The sheer power of the internet to impact lives led the UN Broadband Commission Target 3 to
make sure broadband internet penetration reaches 75% of the world’s population. The UN’s
Roadmap for Digital Cooperation calls for Eight key areas for action including achieving
“universal connectivity by the year 2030" and “promoting digital public goods to create a more
equitable world”.
As the submarine cables lie up to 6000 mts in the oceans, they are also vulnerable to natural
and manmade causes such as seismic activities, tsunamis, ship anchors, attacks by sharks and
deep sea crocodiles. Only a small percentage has been impacted by human attacks till now,
however, espionage and purposeful destruction by adversary actors have become a real threat
in recent times. According to available data, bottom trawling fishing, which is now extended to
newer and deeper regions of the seas, is not only depleting fish but also damaging the anchors.
Dragged anchors from cruise ships, cargo vessels etc. have severed multiple cables in Scotland,
Taiwan etc. in recent times.
In this regard, the paper examines four crucial questions concerning damage to the submarine
cables. Firstly, why may the cables be wilfully targeted or damaged? Second, how will it be
damaged? Third, where will it be damaged and fourth, what can States do to safeguard these
lifelines of national security? While the following paper attempts to describe the first three
questions, it makes a serious reflection on the fourth question.

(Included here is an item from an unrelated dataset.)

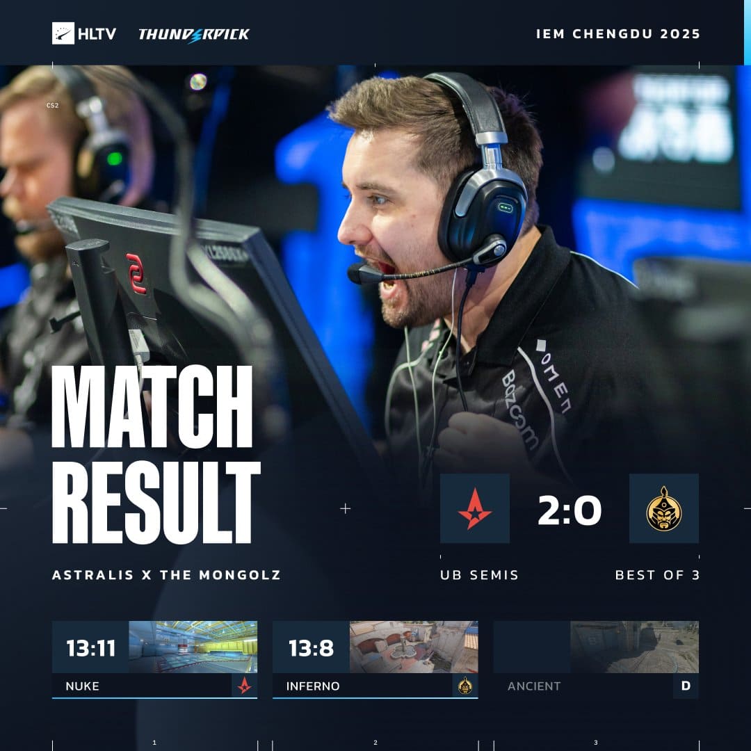 IEM Chengdu 2025’in Grup A üst parantez yarı finali, 4 Kasım 2025’te gerçekleşti ve en iyi 3 serisi (BO3) formatında oynandı. Astralis, turnuvanın açılış gününde NAVI’yi 2-1’lik zorlu bir mücadeleyle geçmişti. Bu motivasyonla sahaya çıkan Danimarkalılar, The MongolZ karşısında disiplinli bir performans sergiledi.

Firstly, the danger has become palpable as during a crisis, damaging the undersea cables of a
country can bring its financial transactions, internet and telephone connectivity, and cyberspace
to a standstill for a week, heavily imposing losses to the country and endangering the economic
and cybersecurity of the countries. Such a situation can only be perceived as the tip of the
iceberg before it impinges on the vast array of interconnected infrastructure including
healthcare, financial transactions, data security, e-commerce and so on affecting billions of
lives. The psychosis created by reverberations of damage to undersea cables on comprehensive
national security has led to dialogue and discussions on the securitization of these critical
infrastructures.
The 2022 NordStream pipeline sabotage, the repeated Houthi attacks on submarine cables in
the Red Sea, etc. are some examples of the ability of the adversaries to inflict physical damage.

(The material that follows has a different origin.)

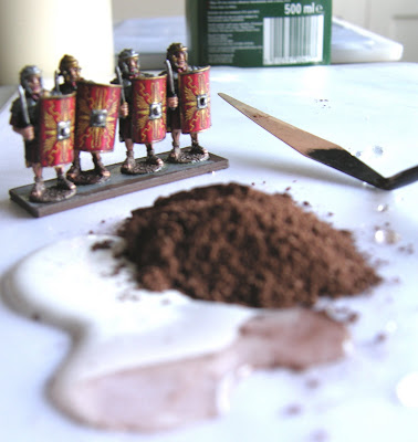 So above, we have the basing mix; roughly 1/3 wood glue, 1/3 water and 1/3 dry mix as per the last post. Stir it up with the palette knife, then apply to the base, as below. Can anyone guess why there is an arrow, cut into the square base with the archers on?

Most importantly what these also demonstrate is that submarine cables within the EEZ are more
vulnerable to attack. The comparatively lesser depth of the cables lying in the EEZ makes them
more vulnerable to attacks and espionage by adversaries. For example, the alleged Houthi attack
on the cables under the Red Sea severed the global internet and communications for the country.
2.1. International Cable Protection Committee
The submarine cables are governed by the International Cable Protection Committee (ICPC)
established in 1958 as an intergovernmental and commercial body to establish standards for
cable installation, maintenance, and protection. The ICPC monitors international treaties,
various legislation, and the installation of cable, and supports research initiatives to ensure that
submarine cable interests are protected. It provides a forum for its members in which relevant
technical, legal and environmental information can be exchanged.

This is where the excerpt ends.